Подержав листок над огнём, Тамерлан удостоверился, что буквы воскресают.

— Превосходно. Так вот, когда я умру, а дни мои сочтены, ты соберёшь побольше свидетелей и подержишь над огнём моё завещание относительно надписи на крышке гроба. Это должно произвести неизгладимое впечатление. Скажи им, что такие чернила были только у меня. Нет, скажи, что это завещание написано моей слюной, которая имела, оказывается, такое волшебное свойство. Пусть боятся! О, как бы мне хотелось увидеть это — как люди боятся меня после моей смерти!

Он глубоко вздохнул и покачал головой:

— Ах, Китай, Китай!..

— Почему вы так вздыхаете о Китае, хазрет? — спросил Искендер.

— Потому что я никогда его не увижу в отличие от счастливчика Темучина, — горестно ответил Тамерлан.

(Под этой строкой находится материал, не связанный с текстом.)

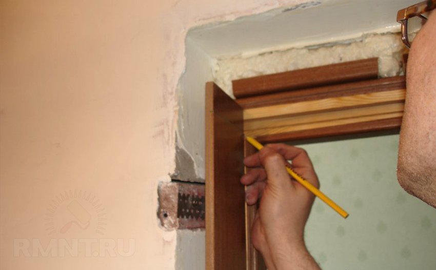 Вертикальные доборы замеряются и устанавливаются после закрепления верхней перекладины. По угольнику, приложенному к торцу дверной коробки, устанавливается разница в высоте, полученные размеры переносятся на разметку. Доски боковых откосов желательно делать на 1–2 мм длиннее, чтобы была возможность точно подогнать деталь наждачным бруском.
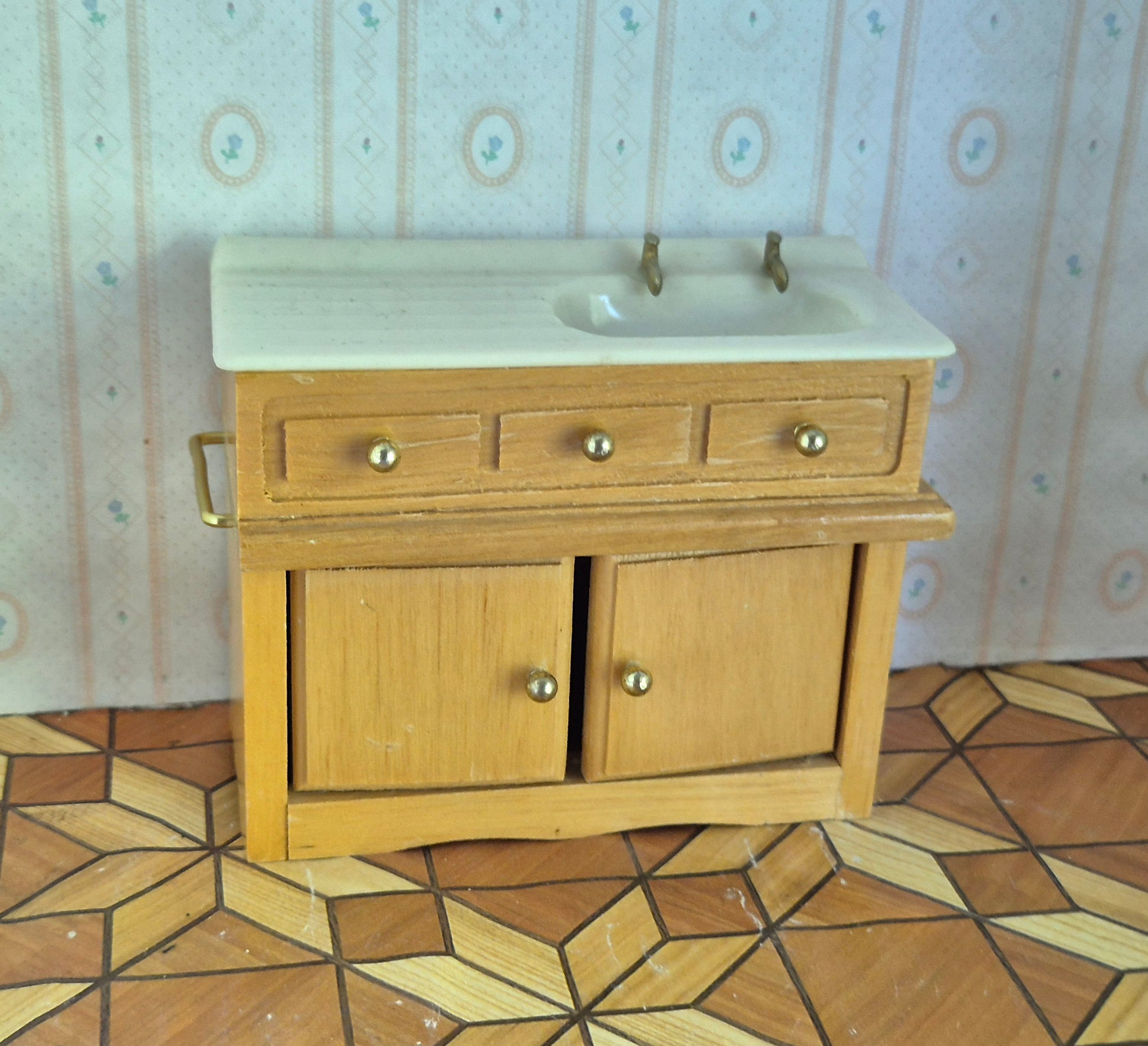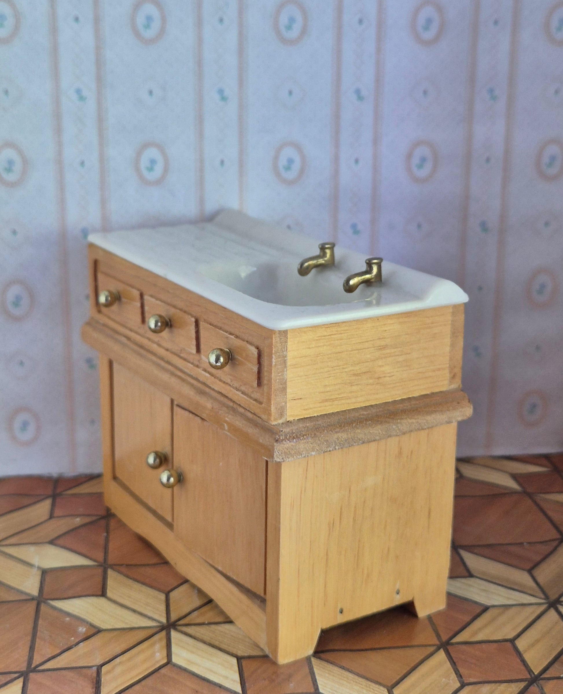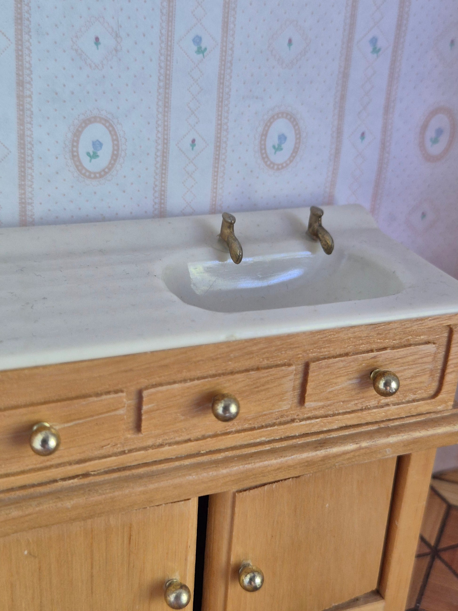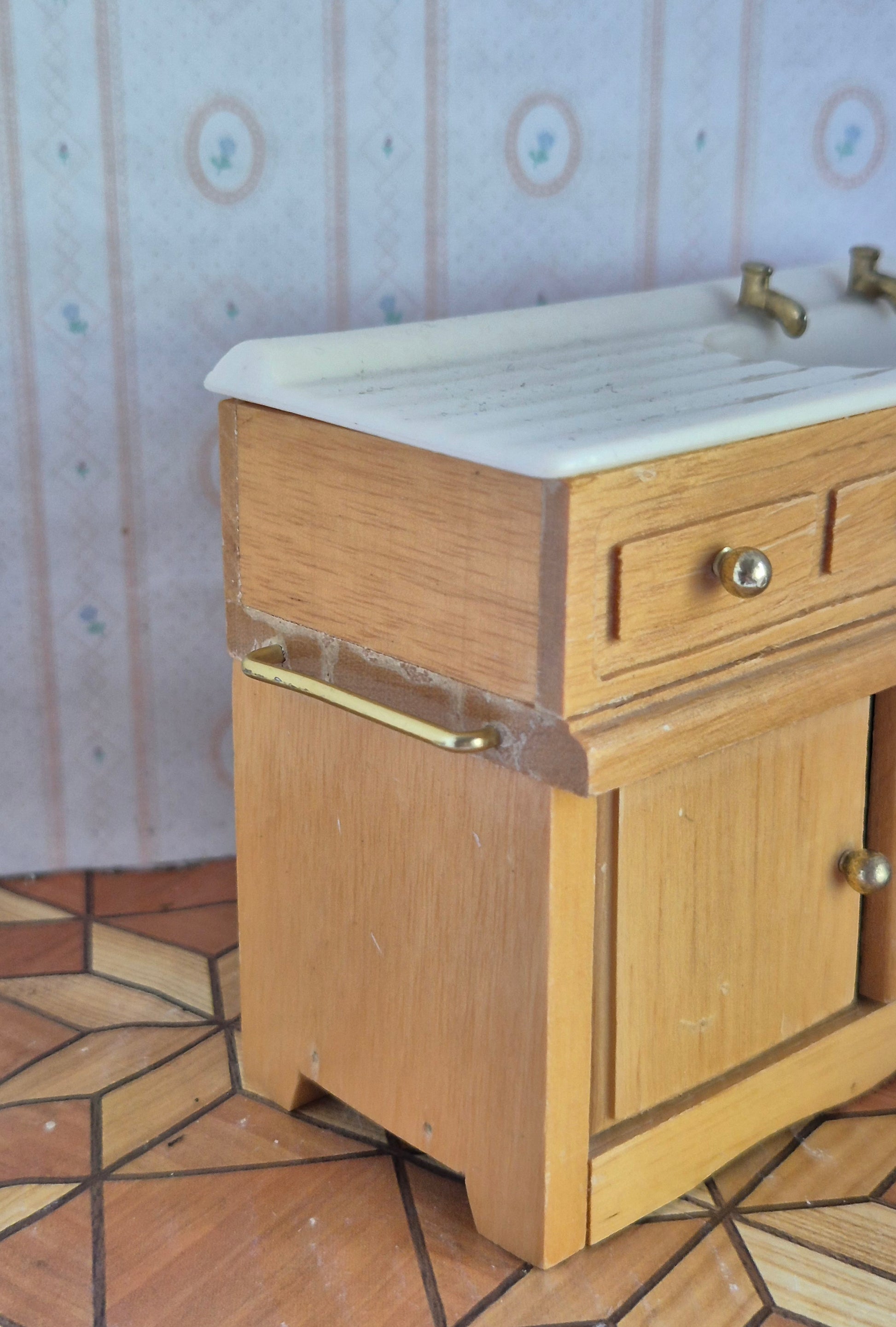 Pænt 1:12 køkkenvask element af træ. Udmærket stand, dog limrester i den ene side.
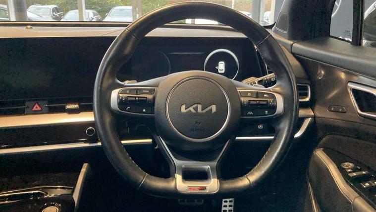 12.3" Display with navigation, 12.3" supervision colour cluster display, 360 degree around view monitor, Apple car play/Android Auto with voice control, Blind spot collision avoidance assist, Blind spot view monitor, Drive mode selector, E-call, Forward collision avoidance assist (FCA) - city/pedestrian/cyclist/junction covering, Front and rear parking sensors, Highway Driving Assist (HDA), Intelligent speed limit assist, Kia Connect (UVO), Lane Following Assist (LFA), Lane keep assist, Low washer fluid warning, Parking collision avoidance assist (PCA), Remote smart parking assist, Reversing camera system integrated into centre fascia screen, Smart cruise control with stop and go functionality, Smart power tailgate, Speed sensitive power steering, Trip computer, Windscreen washer level indicator, Wireless Smartphone charger, Intelligent Stop and Go, Bluetooth audio streaming, DAB Radio with MP3, Harman Kardon premium sound system, Rear USB port, Steering wheel mounted audio controls, USB C type charging ports on centre console, USB C type charging ports on side of front seats, USB port for connection of a media device, All round electric windows with drivers and front passenger auto up/down function, Automatic headlight control system, Automatic window defogger, Backlite glass heated with timer, Body colour and black bumper with silver accents, Body colour exterior door handles, Body colour radiator upper garnish and door garnish, Dual LED adaptive headlamps, Electric panoramic glass sunroof (Electric one touch with safety function), Electrically adjustable/heated/folding door mirrors with LED indicators, Front and rear chrome skid plates, Gloss black door mirrors, Gloss black radiator grille, Gloss black side sill and wheel arch body mouldings, Glossy black roof rack, High beam assist, Interior electrochromic mirror, LED daytime running lights, LED front fog lamps, LED High mounted stop light, LED rear combination lamp, Rain sensing wipers with aero blades, Rear fog lamp, Rear privacy glass, Rear side wing doors, Rear spoiler, Rear wiper, Satin finished beltline, Tinted rear glass, Trailer stability assist, 10 way driver/8 way passenger electrically power adjustable seats, 12V power socket in front centre fascia and luggage compartment, 3 seat bench in 2nd row, 3 x passenger assist grips, 40/20/40 split folding rear seat, All-round height adjustable headrests, Ambient lighting, Black headlining, Centre console storage box, Cupholders in rear armrest, D-Shaped sports leather steering wheel and perforated inserts with GT-Line logo, Door courtesy lamps, Drink holder at centre armrest, Driver and front passenger side sunvisors with illuminated vanity mirrors, Driver seat memory function, Drivers seat power lumbar support, Front and rear door storage, Front seat and rear pockets, Front/rear centre armrests, Gear shift indicator, Glovebox illumination, Heated front and outer rear seats, Heated steering wheel, Interior door lock/unlock function, ISOFIX Child seat top tethers and anchor fixings outer rear seats, LED interior personal lamp, LED lighting in overhead console, Luggage area LED light, Luggage area load cover, Luggage net with hooks, Metal paint interior door handles, Paddle shift controls, Rear cabin light, Rear coat hooks, Single front passenger seat, Sports pedals, Suede leather upholstery, Three zone climate control, Tilt/telescopic adjustable steering wheel, Ventilated front seats, Ventilation ducts to rear compartment, Active front headrests, All round 3-point seatbelts, Anti-lock braking system (ABS), Dual front side airbags, Dual horn, Electronic parking brake, Electronic stability control with downhill brake control, Front passenger airbag cut-off switch, Front seatbelt pretensioners + load limiters, Height adjustable front seatbelts, Hill start assist control (HAC), Impact sensing auto door unlocking, Multi collision brake assist, Rear door child safety locks, Rear seat alert system, Traction control, Twin curtain airbags, Twin front airbags, Tyre pressure monitoring system, Advanced anti-theft system including immobiliser and alarm, Door deadlocks, Engine Start/Stop Button with Smart Entry System, Locking wheel nuts, Speed sensitive auto door locking, Visible vehicle identification number, Aluminium pattern finish centre fascia and door garnish, 18" GT-Line alloy wheels, Michelin tyres, Tyre mobility kit,
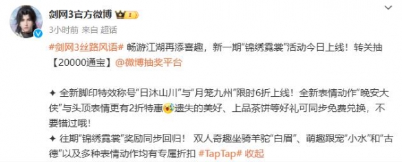 1、全新脚印特效称号“日沐山川”与“月笼九州”已正式上线,售价限时6折;
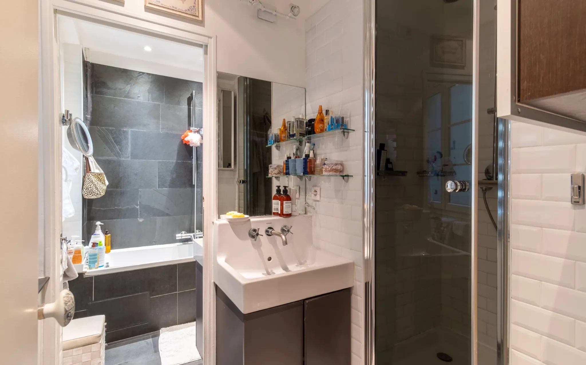 Ce duplex bénéficie d’une exposition plein sud, qui accentue la luminosité et met en valeur ses éléments anciens de caractère : parquet en bois, moulures élégantes et cheminées d’époque. Un charme intemporel qui confère à l’appartement une identité unique.

— Разве мы не пойдём его завоёвывать?

— Нет, мой дорогой мирза Искендер, не пойдём. Ибо я умру здесь, в Отраре. Мне был сон, будто жёны мажут лица чёрной краской.

Подумав немного, он вдруг оживился:

— Послушай, Искендер, а если, когда я умру, меня подержать над свечой, над огромной такой свечой, вдруг я вновь оживу, как эти волшебные чернила?

— Всё возможно, хазрет, — улыбнулся Искендер.

В тот же день, когда происходил этот разговор и было написано надгробное завещание, в Отрар со своею тысячей прибыл минбаши Джильберге. Он был рад, что наконец добрался до города, где можно отдохнуть, и, встретившись с кичик-ханым Тукель, стал со смехом рассказывать ей, как отморозил себе нос испанский рыцарь дон Гомес де Саласар.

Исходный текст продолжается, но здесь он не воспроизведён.